И вынув из кармана старенькой вязаной кофты обрывок бумаги, на котором простым карандашом и корявыми, слитыми в единую строку, буквами, без какого-либо намека на орфографию, но все же тщательно, был выведен текст, принималась читать. Читала она, словно пела, медленно, по–деревенски проговаривая слова. Голубые глаза ясно лучились, а по лицу, простому, но все еще милому, даже в старости, разливалось блаженство.

   - Складно, - выслушав, удивлялась подружка. – Подит-ко. И как это у тебя получается? А еще знаш?
Варвара читала еще. Затем еще…

    В стихах - вся ее жизнь. Как родилась в деревне, той самой, куда теперь приезжала  летом, в бывший родительский дом, как на дачу.
    Семья была большая: шестеро детей: трое парней да три девки.
    А всего у матери рождалось и того больше: восемнадцать, - рассказывала в стихах Варвара, - но остальные померли маленькими. Да и как было выжить? Роддомов не было, врача и не знали позвать. Рожала мать то в нетопленной, холодной хате, то в открытом поле, в гумне, под снопом.
    Но шестерых все же вырастили. Варюха была последней. Последышем и называли ее в деревне.
    На мать и, особенно, на старшего брата у нее на всю жизнь сохранилась обида: не пустили учиться. И осталась она неграмотной.
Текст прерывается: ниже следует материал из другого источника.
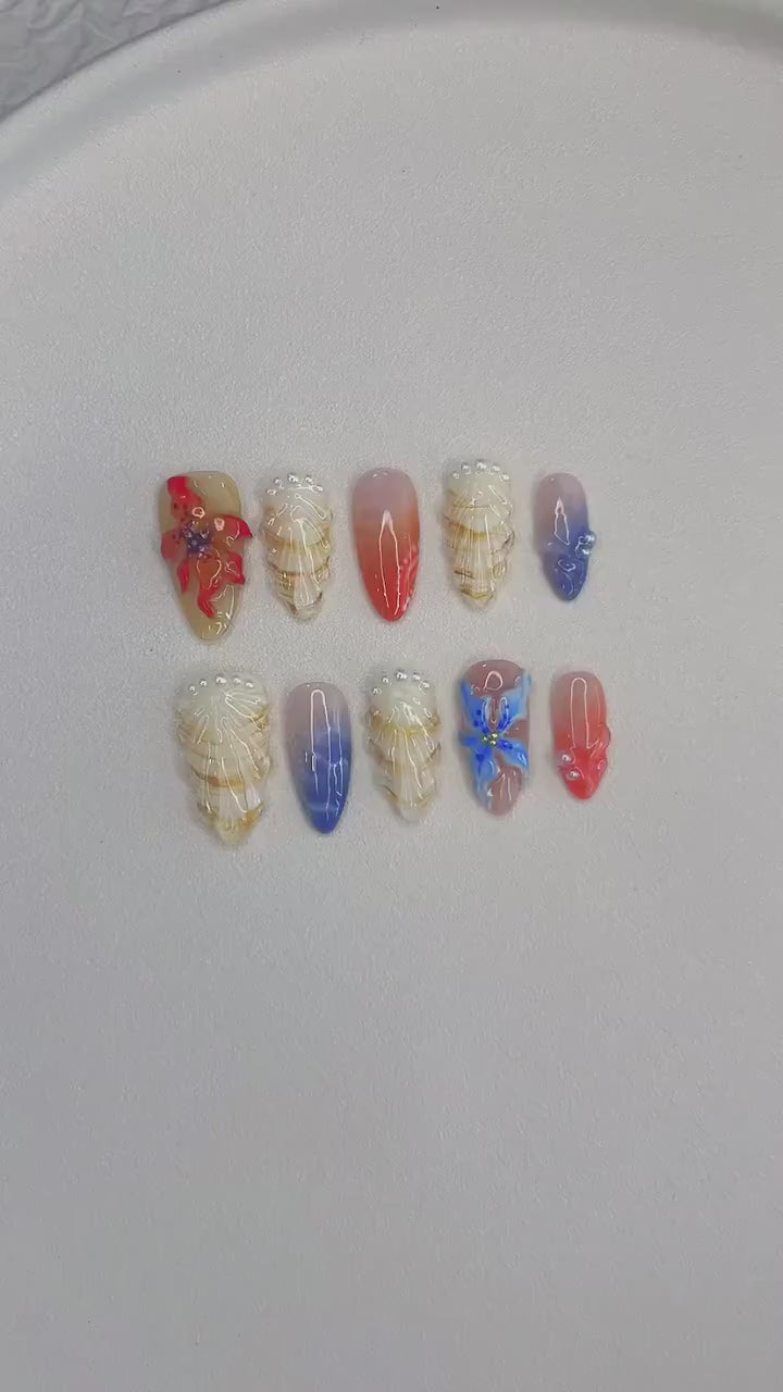 Sunlit Coastline Press On Nails, Custom Design Nails Art, 3D Nails, Fake Nails, Flower Nails, Shell Nails, Pearl Nails, Gift For Her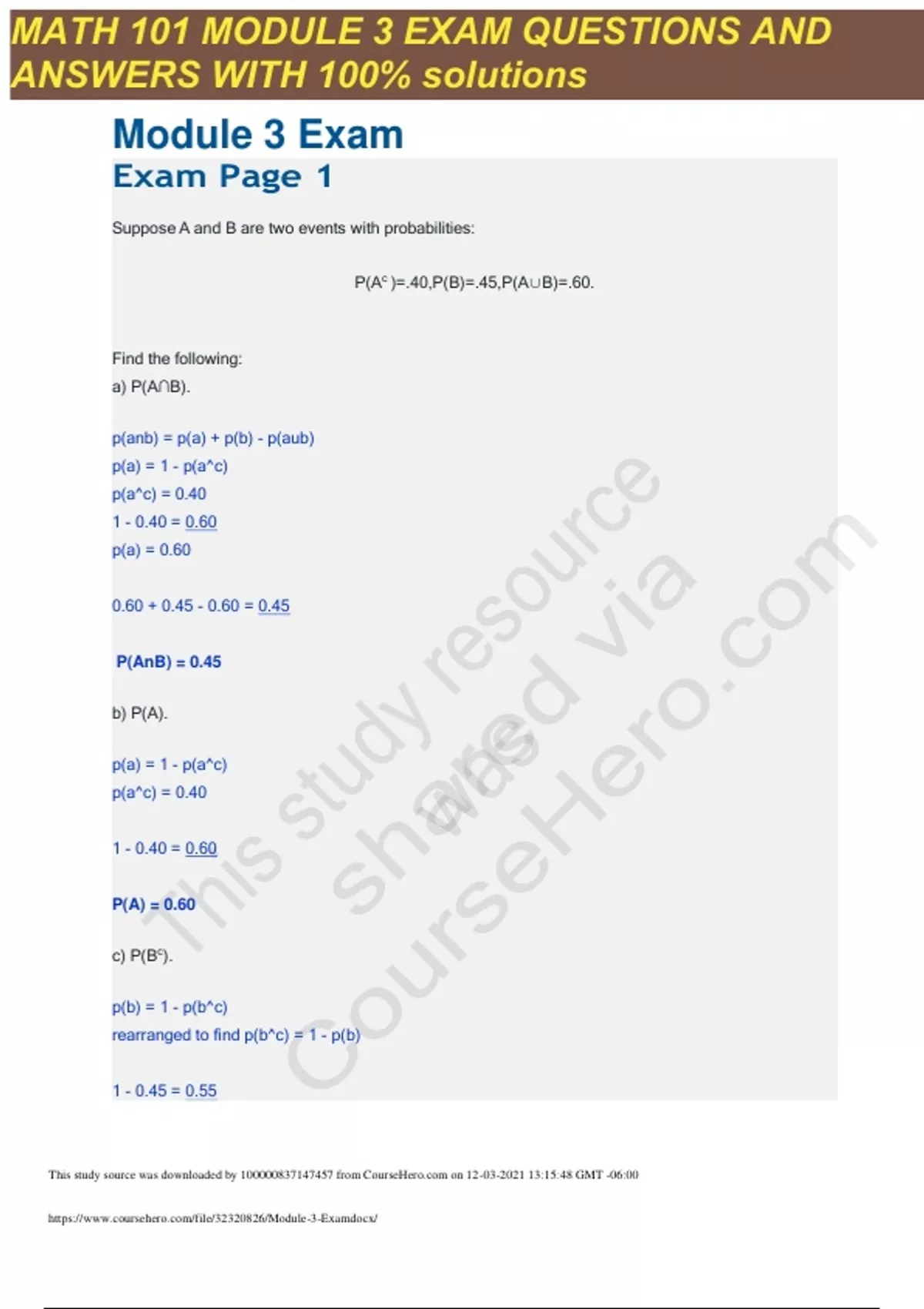 MATH 101 MODULE 3 EXAM QUESTIONS AND ANSWERS WITH 100% solutions

    Когда пришла  пора в школу идти, старшие братья уже переженились, и у них народились свои дети. Няньке-то платить надо, вот и заставили Варьку их няньчить: одного на руках держит, а другого в люльке качает.

   Три дня всего и пробыла в школе.  Старший брат сказал: «В школу ходят одне ребята». И спрятал книги и сумку на чердак. А когда учительница из класса, пришла искать ее, разъяснил той, что их девчонку нет смысла учить – она уродчик.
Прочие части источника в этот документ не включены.